If, as many scientists believe, tumours come from cancer stem cells, then where do cancer stem cells come from? Led by Joerg Huelsken at the Ecole Polytechnique Federale de Lausanne, a group of researchers believe that they have answered that question, at least for some skin cancers1. In doing so, they may have identified a way to attack cancer stem cells without harming healthy ones.

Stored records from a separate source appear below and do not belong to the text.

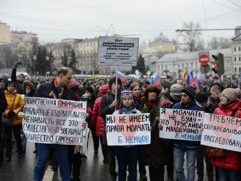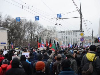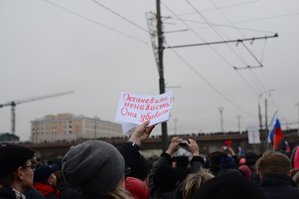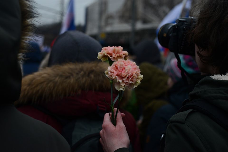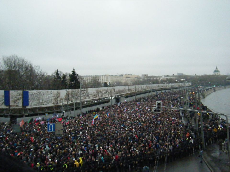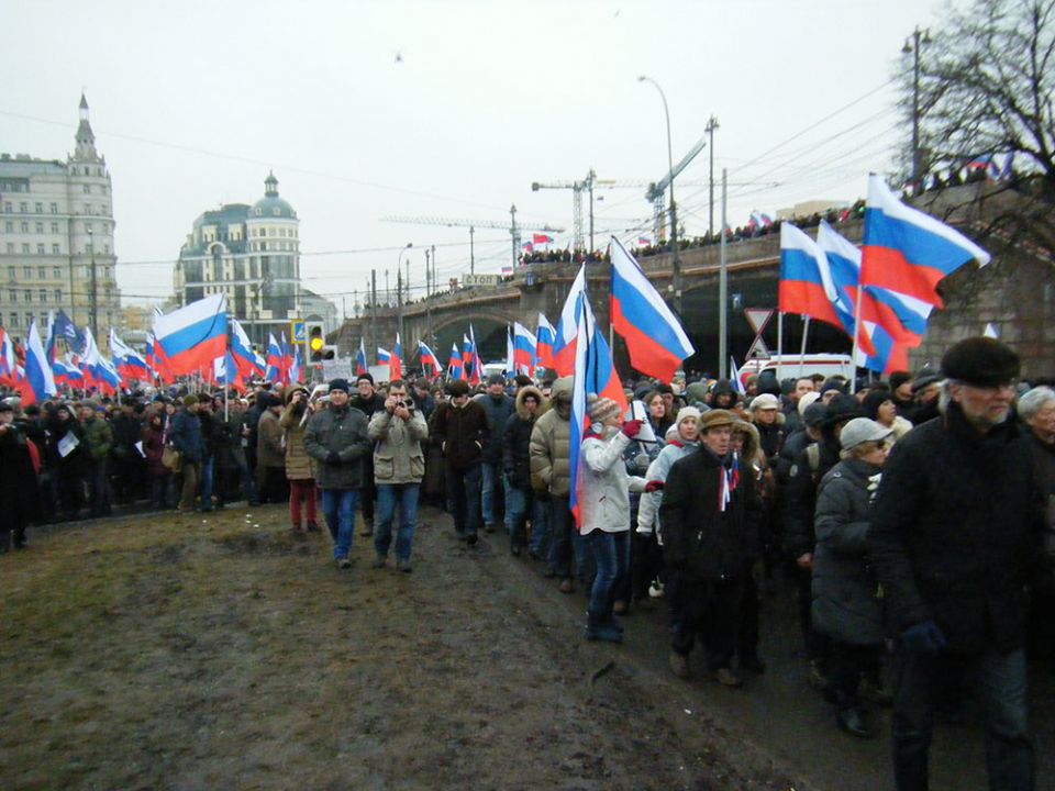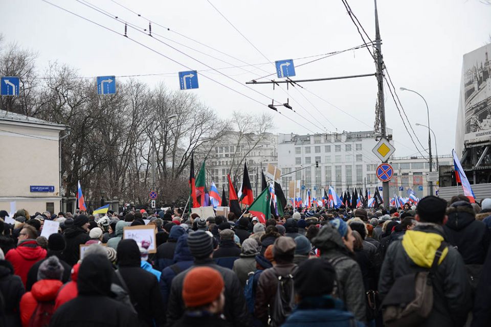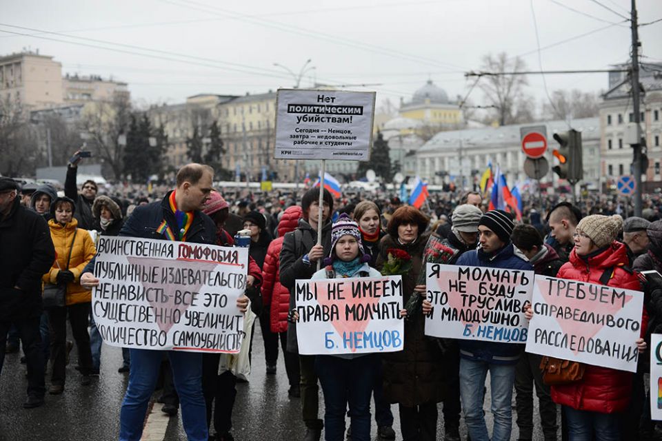 В траурном шествии памяти Бориса Немцова в Москве приняли участие десятки тысяч человек. Колонны людей прошли от Славянской площади по Москворецкой набережной к Большому Москворецкому мосту, где был убит политик. Участники несли растяжки "Герои не умирают" и "Эти пули - в каждого из нас". Многие держали в руках портреты Немцова и флаги России с траурными ленточками. Шествие памяти политика прошло вместо марша "Весна".
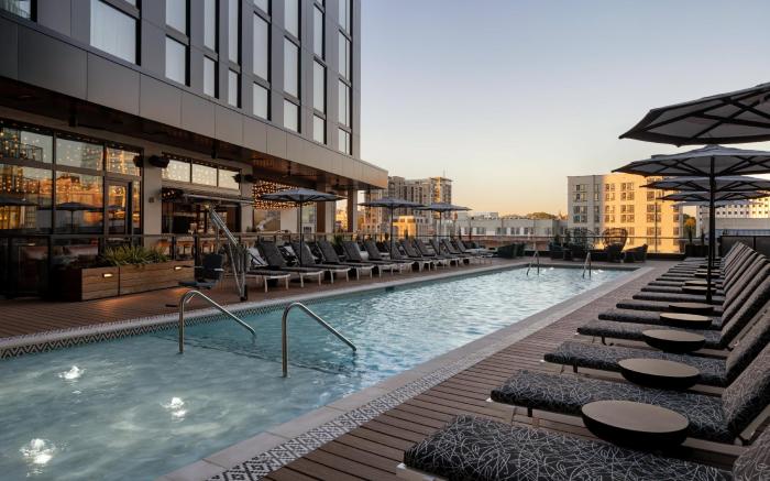 Great care is taken to ensure guests experience comfort through top-notch services and amenities. Remain linked during your visit by utilizing the complimentary internet access available.Parking is accessible, supplied by the hotel for guests who arrive by car. Effortlessly plan your daily activities and travel requirements with concierge service and luggage storage provided by the front desk services.The hotel is completely smoke-free.Crafted for coziness, every guestroom provides an array of features, guaranteeing a tranquil night's sleep while maintaining the level of comfort. For an elevated experience at hotel, select rooms are equipped with blackout curtains to improve your stay.For certain chosen rooms, guests can enjoy in-room amusement like television and in-room video streaming as a part of their stay.In select rooms, the hotel offers visitors access to instant tea.It is worth noting that certain guest bathrooms feature a hair dryer, toiletries and bathrobes for your convenience. During your visit, indulge in a range of delightful culinary choices at hotel to enhance your experience.Experience a fantastic evening effortlessly! Relish an entertaining night without venturing beyond the confines of the bar.Hotel Fraye Nashville, Curio Collection by Hilton provides a superb assortment of leisure amenities for guests to enjoy. Begin your holiday perfectly by taking a plunge into the swimming pool. Eliminate those holiday calories by stopping by hotel and making use of their well-equipped exercise amenities.
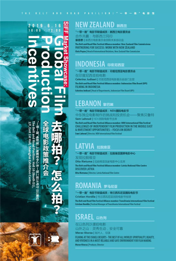 “去哪拍?怎么拍?- 全球電影政策推介會”將由來自新西蘭、印度尼西亞、拉脫維亞、黎巴嫩、羅馬尼亞、以色列六國的電影機構(gòu)將在6月16日上午10點到12點向市場來賓介紹其本國的合拍片政策、拍攝基地和拍攝優(yōu)惠政策。
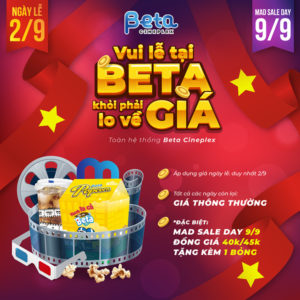 Vì ngày Thứ 2 đầu tiên của tháng 9 năm nay trùng với lịch nghỉ Lễ Quốc Khánh 2/9 và để đảm bảo quyền lợi của khách hàng, Beta Cineplex có Chương trình ưu đãi MAD SALE DAY sẽ chuyển sang ngày 9/9. Theo đó:
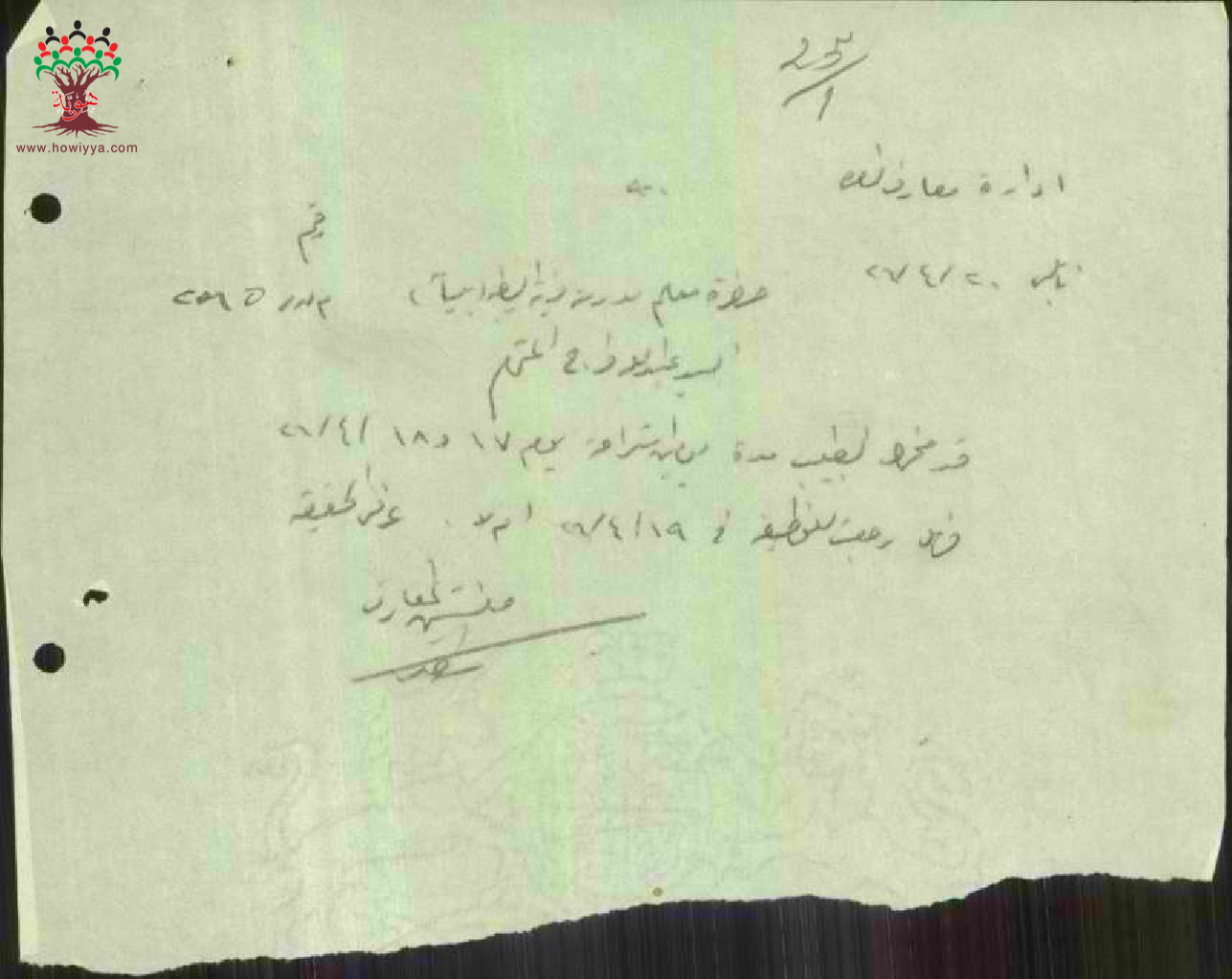 رسالة من مفتش المعارف الى المعلم عبد الله فرج يسأله عن عودته الى العمل
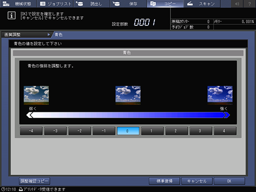 青色の強弱を設定します。[0]に対し、薄くするときは-(マイナス)側の、濃くするときは+(プラス)側のキーを押します。

Skin is maintained, in part, by bulge stem cells residing in hair follicles. The researchers chemically induced cutaneous tumours in mice, and looked for cells the carryin markers CD34, which is associated with bulge stem cells. Compared to skin tissue, tumours contained 9 times as many cells with this marker. Closer examination of cells isolated from tumours showed that they also had additional markers of bulge stem cells. If transferred from one mouse to another, cells displaying the marker CD34 were 100 times more able to initiate secondary tumours than were unsorted cells. These cells could even start tumours when transferred a third time. Cells lacking this marker never produced tumours. Lineage tracing studies also showed that bulge stem cells were contributing to tumours.

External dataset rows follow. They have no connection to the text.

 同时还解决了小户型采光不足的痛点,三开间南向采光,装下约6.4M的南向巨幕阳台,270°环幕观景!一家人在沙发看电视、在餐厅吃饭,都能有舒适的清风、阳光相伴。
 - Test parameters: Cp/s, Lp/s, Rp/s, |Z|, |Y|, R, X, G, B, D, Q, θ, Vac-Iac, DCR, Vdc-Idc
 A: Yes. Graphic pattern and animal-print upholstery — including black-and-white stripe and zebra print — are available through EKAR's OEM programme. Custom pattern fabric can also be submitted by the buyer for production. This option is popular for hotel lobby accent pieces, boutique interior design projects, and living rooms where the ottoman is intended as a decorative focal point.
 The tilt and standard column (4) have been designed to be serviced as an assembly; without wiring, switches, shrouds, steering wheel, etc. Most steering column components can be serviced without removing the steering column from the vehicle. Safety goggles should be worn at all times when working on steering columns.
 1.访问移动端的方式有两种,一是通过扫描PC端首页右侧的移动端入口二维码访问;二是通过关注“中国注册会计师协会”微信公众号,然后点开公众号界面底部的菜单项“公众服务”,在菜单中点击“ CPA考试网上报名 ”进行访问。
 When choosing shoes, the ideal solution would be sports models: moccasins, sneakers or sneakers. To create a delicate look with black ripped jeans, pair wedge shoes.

Next, the researchers looked at signaling within the cells. In particular, they wanted to see if a signaling pathway that controls how skin stem cells differentiate was necessary for the cancer stem cells they'd identified to form tumours. They found that it was. Activity of a protein called beta-catenin is periodic in normal stem cells but was consistently strong in cancer stem cells. The researchers engineered cells that could delete the beta-catenin gene on command, and found that when the gene was deleted, the tumours regressed completely. Moreover, the proportion of cells displaying CD34 shrank dramatically. Cells that displayed CD34 but lacked the beta-catenin gene were unable to initiate tumours.

Next, the researchers looked to confirm their results with squamous cell carcinomas from humans. The human carcinomas showed high beta-catenin activity, but did not express CD34, so the researchers could not use it as a marker to isolate cancer stem cells. However, they did check to see whether blocking beta-catenin signalling with shRNA would have an effect. It did. Human tumours transplanted onto mice shrank when beta catenin activity was blocked. Further, areas on tumours that did show growth also tested positive for beta-catenin activity, indicating that the gene had not been completely knocked down in these cells. Thus, skin cancer stem cells seem to require beta-catenin and normal skin stem cells do not. That difference could, one day, be used to develop drugs that kill cells that lead to tumours but not healthy skin.